Leon was still talking. “I used it to get the car and then to make some more money with Ed. And now I’m going to start paying you back.”
Everything around me seemed to shrink as Leon’s face grew larger before me. His hands were still in front of him, empty with air. His eyes broad and blinking.
I let go of the drawing Jeanny had given me.
I dropped the bills, and they scattered at my feet.
“You fucking kept that money!” I screamed so loud I swore I felt something tear in the back of my throat. My skin was melting, on fire.
“I tried to tell you,” Leon stammered. “But you told me not to bring it up.”
I curled my fingers into a fist. Lunged at him. Swung at his lying sack-of-shit face.
“Dominick!” Jeanny shouted.
But her voice, and Sophie’s crying, sounded far away. Above the ice when I was below. As muffled and distant as two sirens on the other side of town. My fists kept flying. He didn’t swing back but grabbed my arms in an effort to hold me still. My anger was stronger, though, and I broke free, swung at him. Got in one, two, then three more solid punches before he pushed me off. I fell to the floor, slamming the back of my head against the hard wood of the dresser. When I looked up at him from where I lay among that drawing and those strewn bills, there were spots
in front of my eyes. Black, shapeless demons that floated in the air mingling with my dizziness. Taunting:
Edie paid you back.
Leon kept the money.
I screamed again, “You are a fucking asshole! How could you let me keep thinking that Edie had cheated me when you had the money the whole time?”
Leon’s lip was bleeding, and he reached up and touched the blood, wiped it on the back of his hand. “I
said
I was paying you back, you crazy motherfucker.”

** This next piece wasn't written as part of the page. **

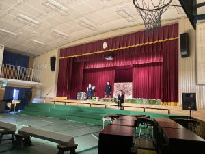 今日は、学芸会前、最後の長い時間の講堂練習です。明日は、15分ずつしか練習できません。舞台の立つ位置や話す時の体の向きなど、予行の時に感じた課題を克服するために、子どもたちは、たくさん練習してきました。その成果は、発揮できたでしょうか。今日は、そんな146期の姿を、1年生のみんなが見にきてくれました。

I was about to say something more, to tell him to burn in hell, but Jeanny interrupted. “Shhh,” she said. “Did you hear that?”
Silence.
Leon and I looked at her. “What?”
“It sounded like a car door slamming.” Jeanny walked to the window and peeked out, holding Sophie and trying to massage the nipple of the bottle into her mouth. As she stared down at the parking lot, her face looked stricken. A girl in a horror movie who had finally met the monster. “Dominick. Come here.”
I got up off the floor and clambered to the window. Outside in the snowy, dusky air, Roget was getting out of his squad car. With him was none other than Joshua Fuller. I felt a cold wave of fright wash over me. Then my gut instinct kicked in. I told Jeanny to take Sophie into the closet and quiet her down. I didn’t giving a shit where Leon hid.
“What are you going to do?” Jeanny asked.
“I don’t know,” I told her, turning the bolt on the door, sliding the chain into place. I supposed I was just going to watch them. See what they were up to. Keep them from coming inside.
Leon slumped quietly into the bathroom. Jeanny took the baby and settled in on the floor of the closet. She kept the door cracked open, and I could see her nervously shushing Sophie. I turned and watched through the peephole as Joshua Fuller pulled a camera out of his pocket and snapped pictures of the motel.
Click. Flash. Click. Flash.
They walked toward the stairs.
I waited behind the door, and my heart throbbed in my chest. An unseeable claw—maybe the one that belonged to that Hansel-and-Gretel bird—scratched at my face, gripped my throat, and made me gulp for air. As they got closer, I heard Roget say, “Like I told you, the owner is in Florida for the rest of the winter.”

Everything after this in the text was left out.